» TASK ITEM: Return, unchanged and with no pictures, the lines below from the very first through the one that contains "Left: A card".

» Source records:

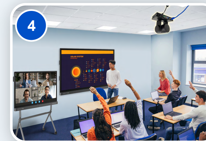
Higher education classroom

Scalable video walls deliver immersive viewing experiences in auditoriums of any size for large-group lessons or special presentations.
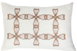
Linen Medallion Pillow
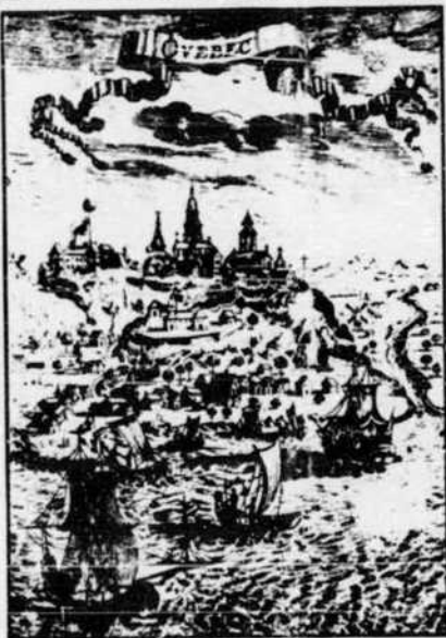
Bibliothèque Nationale du Québec
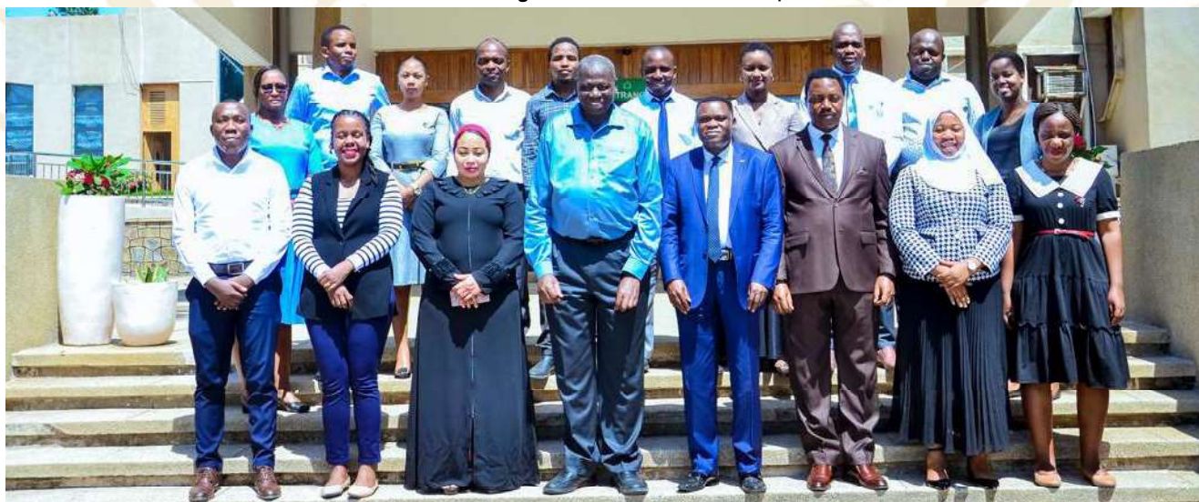
Group photo of Facilitator from Brock University, Canada, BOT Academy Lecturers and Participants from other institutions who attended a training on Research Methodology held at BOT Academy, Mwanza Tanzania

For more Information: Tel: 255 (028) 2500709 / 2500983 | Mob: +255 766 222 541 | Fax: +255 (028) 2500984
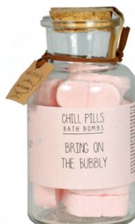
SKU: SO.BP.PI Scent: Green Tea Time Content: 128 gr. Quantity: 6
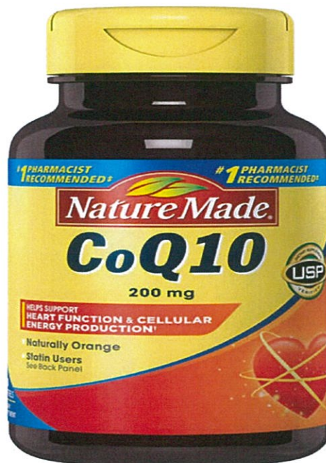
Figure 1. Unregistered NATURE MADE CoQ10, 200mg

The Food and Drug Administration (FDA) warns the public from purchasing and consuming the following unregistered food supplements:
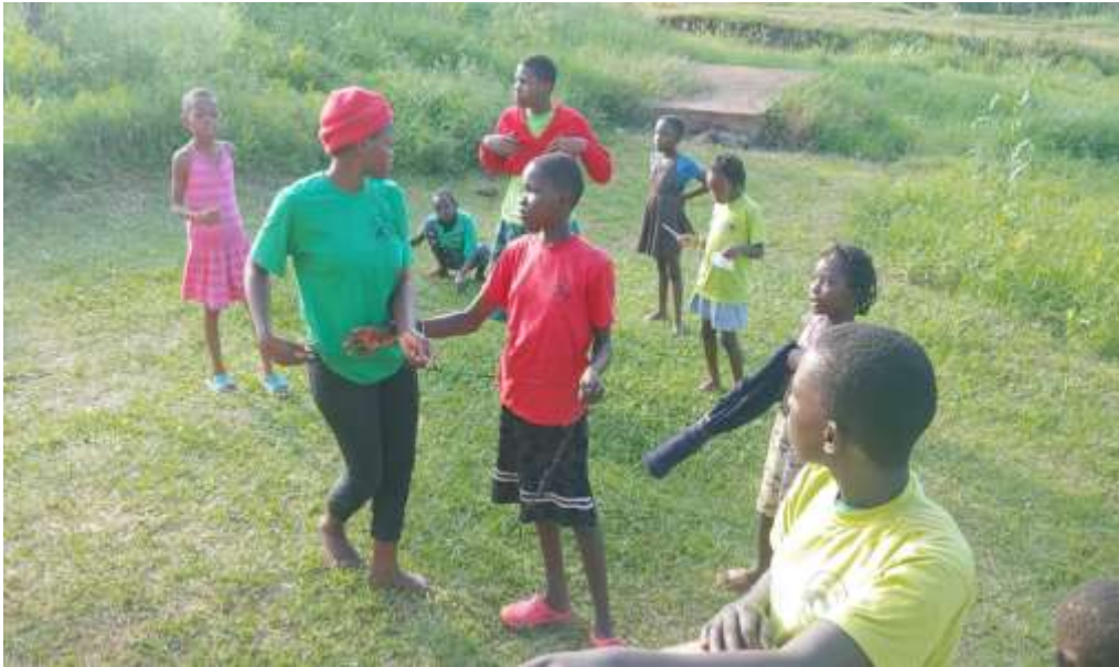
Figure 2: The children playing some games
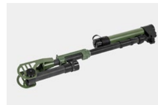
Carrying bar VX1 Item No. 2903170030
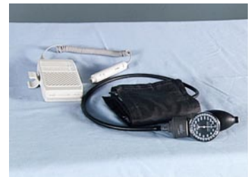
Figure 1. Equipment Used in the Measurement of an Ankle–Brachial Index.
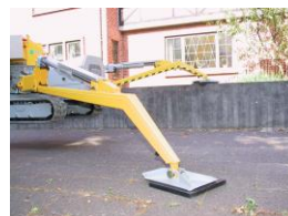
Easy set up
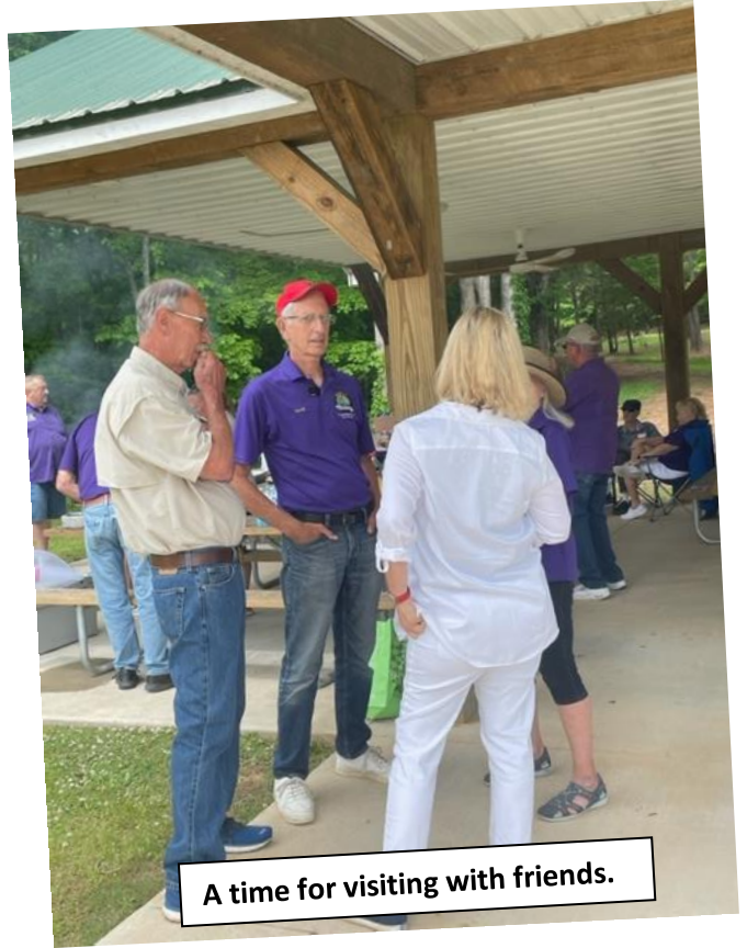
A time for visiting with friends.
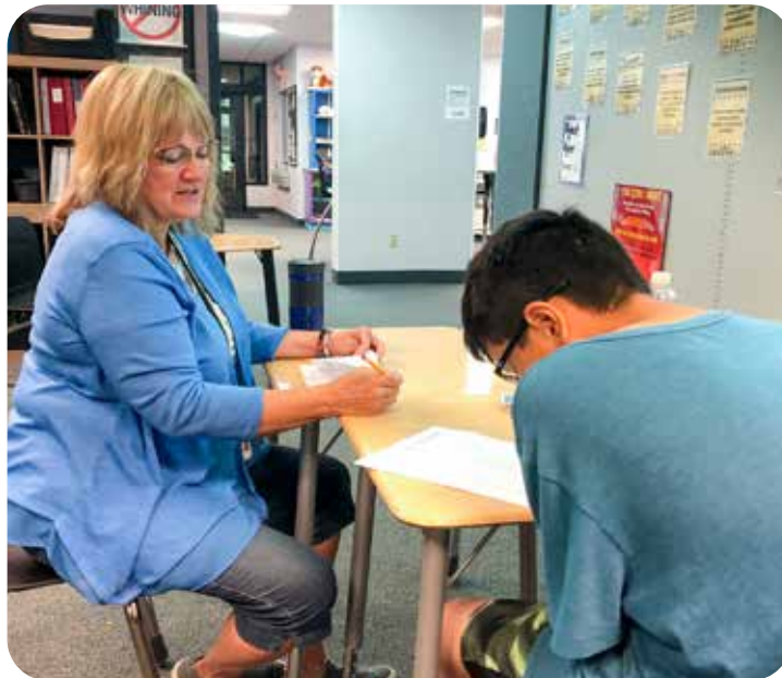
Left: A card game gave one student a chance to practice his math skills in a fun and low-stress environment.
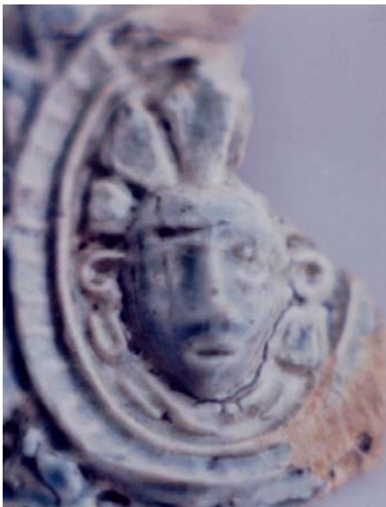
"Detail from Raeren Jug" Cupids 1600-1625
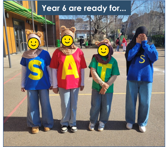
Year 6 are ready for...
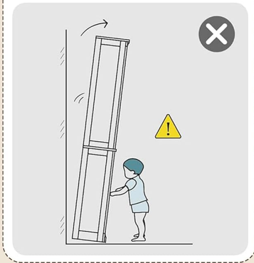
Image 2.1: Illustration of anti-tipping accessories and their correct installation to ensure stability and safety.
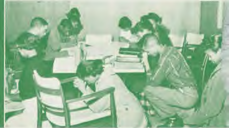
Prayer at "Power Hour"
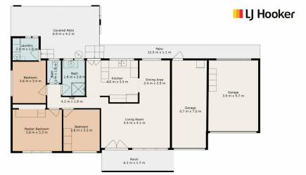
The floorplan including floor measurements and dimensions are approximate and for illustrative purposes only. 13 WHITBY CLOSE, TAREE NSW

LJ Hooker Taree (02) 6552 1133 227 Victoria Street, TAREE NSW 2430 taree.ljhooker.com.au | taree@ljhtaree.com.au
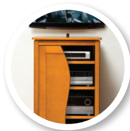
Reach components stored remotely or in cabinets
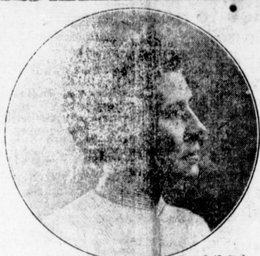
IDA M. TARBELL Remarkable Historian and Writer

One of the greatest living historians is a woman—Ida M. Tarbell, who evolved from a chaos of facts and figures a clear, orderly, concise and consecutive history of, perhaps, the greatest business organization in the world. With the sure instinct of the true historian, she gathered the vital facts in the rise of this great institution and presented them in their true relation with conscientious loyalty to truth, with courage in stating boldly her findings, and with an absence of prejudice that is rare, indeed, in writing on such a theme. The work is more than a mere history of an industry; it is the biography of a genius in organization and the vivisection of a typical Trust combined in one masterly work—"The History of the Standard Oil Company." This is but one of the splendid pieces of literature to the credit of Miss Tarbell.
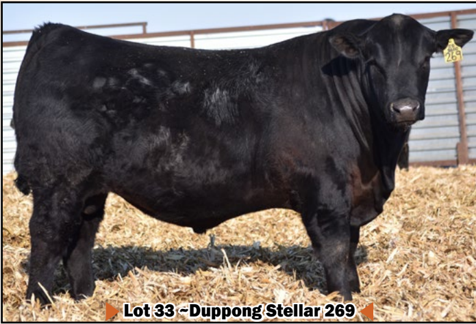
▶ Lot 33 - Duppong Stellar 269 ◀
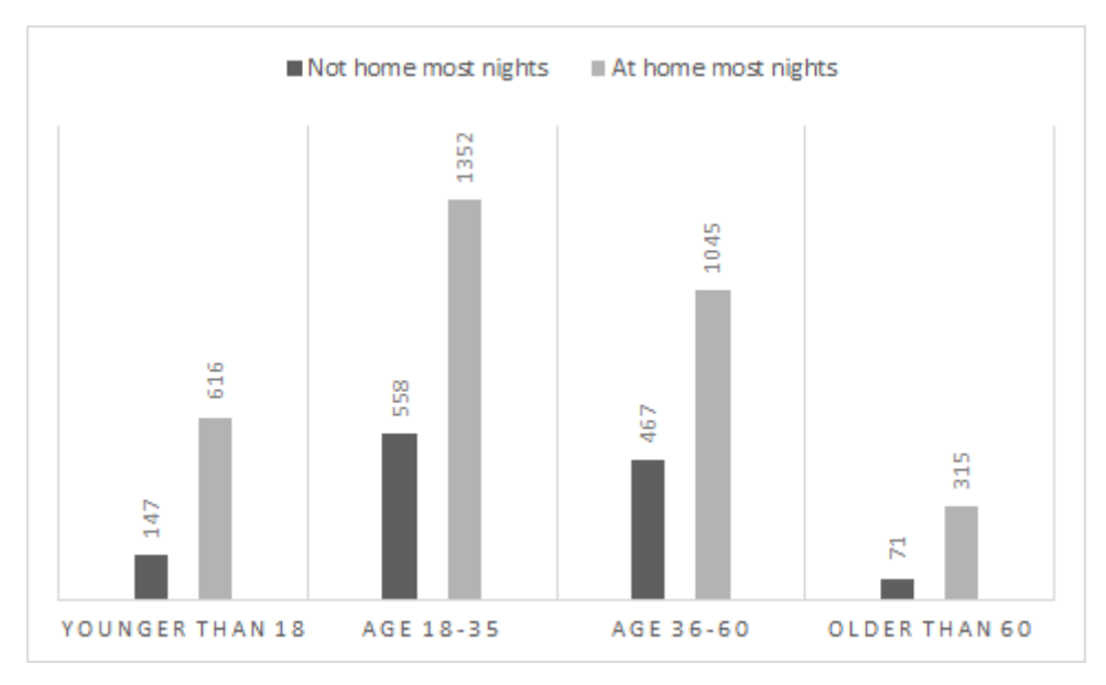
Graph 1: Age Category of Farm Dwellers Home Most Nights

Centripetal forces also operate to draw farm dwellers back to the farm in migration patterns often described as circulatory. A perhaps surprising feature of the data is the high preponderance of young adults who are on the farm. As Table 6 below shows, 71% of young adults between the ages of 18 and 35 stay at home most nights. Although most of the people leaving farms for work elsewhere are young men in this age group, the size of this age group on farms together with the high proportion who have no income from any source suggests that this is the most vulnerable sub-group in the agricultural precariat, and that residence on farms is the best of their a very limited range of options for living.
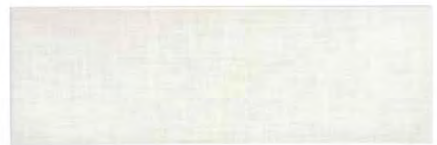
Sisal Cloud ANTHFISIC* 4"x12" Coverage: 0.323 sqft/pc *sold by the box
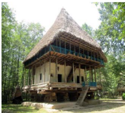
Fig. 1 The sample of height expansion houses in Gilan
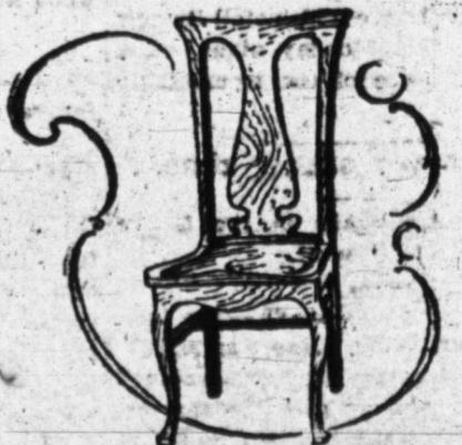
All Quartered with Cobbler Seat.
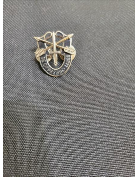
DOL Lapel Pin 6.00 each plus $5.00 postage
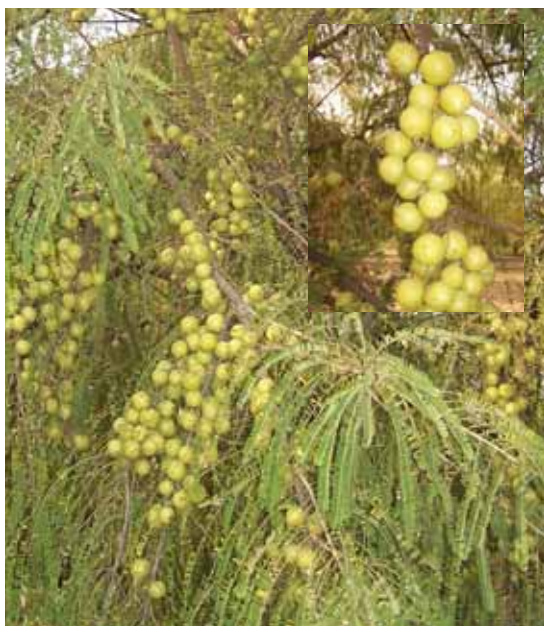
Fruiting on rejuvenated aonla tree

mainly done to modify the tree structure and maintain canopy size. Fruiting starts on third year after rejuvenation. Yield levels during initial year are slightly low, while the yield from third year onward is better than the unpruned trees.
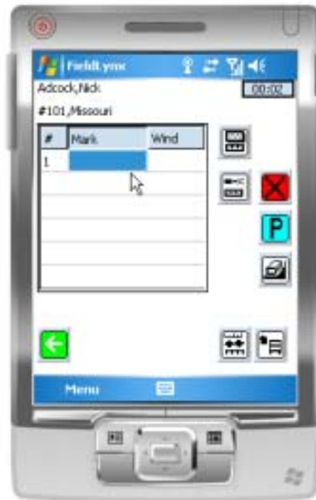
26 - Nick's mark is entered here
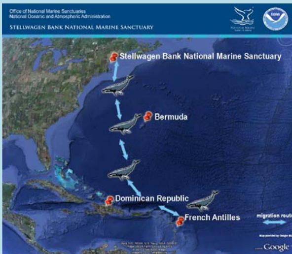
Map showing humpback whale migration route between Stellwagen Bank National Marine Sanctuary and Sister Sanctuaries in the Caribbean.

Salt is a grandmother. Since 1985 she has escorted twelve of her calves from the mating and calving grounds in the Caribbean back to New England’s feeding grounds. She currently has ten grandchildren, representing the third generation of humpbacks in her family group.
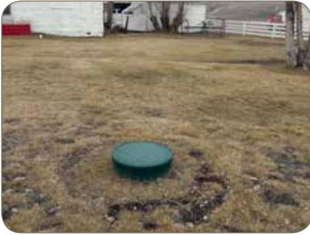
Septic tank hatch

Ranches, animal farms, and feedlots in rural areas aren't part of municipal sanitary collection systems. These operations must have stand-alone sewage treatment facilities, including septic tanks and processing chambers.
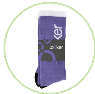
Full Color Wrap Tag
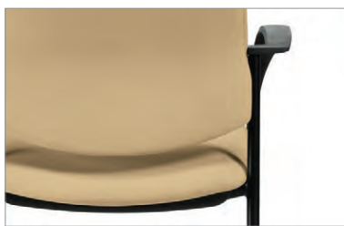
Two piece back allows support brackets to be concealed.
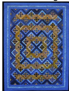
Nine Patch in Log Cabin
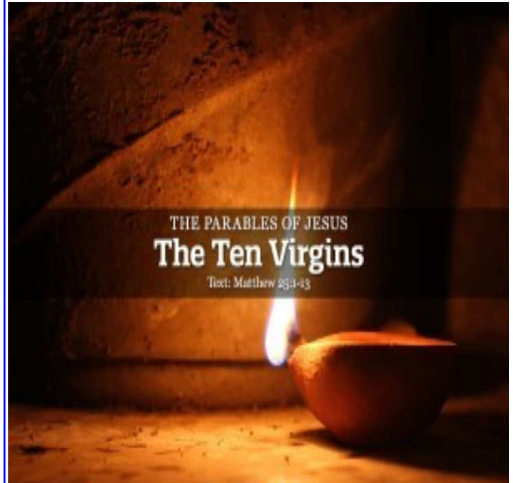
THE PARABLES OF JESUS The Ten Virgins Text: Matthew 25:1-13
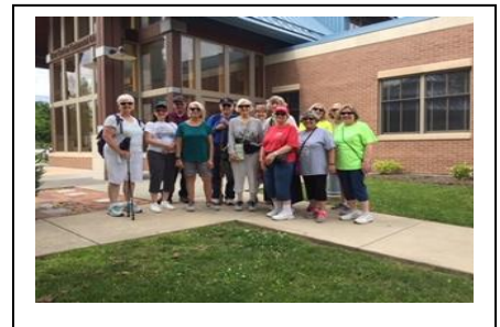
Group walk in Glen Carbon, IL on Saturday, May 25, 2019. What a great group of people.
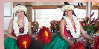
Bon Voyage Hula with a Medley of Songs
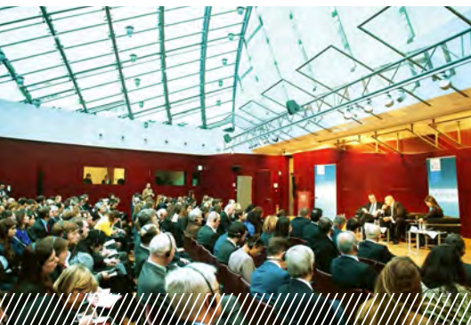
Panel discussion in Brussels on the role of the Balkans
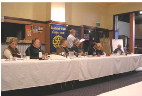
What an attentive group!

» SOLUTION FOR THIS EXERCISE:
Higher education classroom

Scalable video walls deliver immersive viewing experiences in auditoriums of any size for large-group lessons or special presentations.
Linen Medallion Pillow
Bibliothèque Nationale du Québec
Group photo of Facilitator from Brock University, Canada, BOT Academy Lecturers and Participants from other institutions who attended a training on Research Methodology held at BOT Academy, Mwanza Tanzania

For more Information: Tel: 255 (028) 2500709 / 2500983 | Mob: +255 766 222 541 | Fax: +255 (028) 2500984
SKU: SO.BP.PI Scent: Green Tea Time Content: 128 gr. Quantity: 6
Figure 1. Unregistered NATURE MADE CoQ10, 200mg

The Food and Drug Administration (FDA) warns the public from purchasing and consuming the following unregistered food supplements:
Figure 2: The children playing some games
Carrying bar VX1 Item No. 2903170030
Figure 1. Equipment Used in the Measurement of an Ankle–Brachial Index.
Easy set up
A time for visiting with friends.
Left: A card game gave one student a chance to practice his math skills in a fun and low-stress environment.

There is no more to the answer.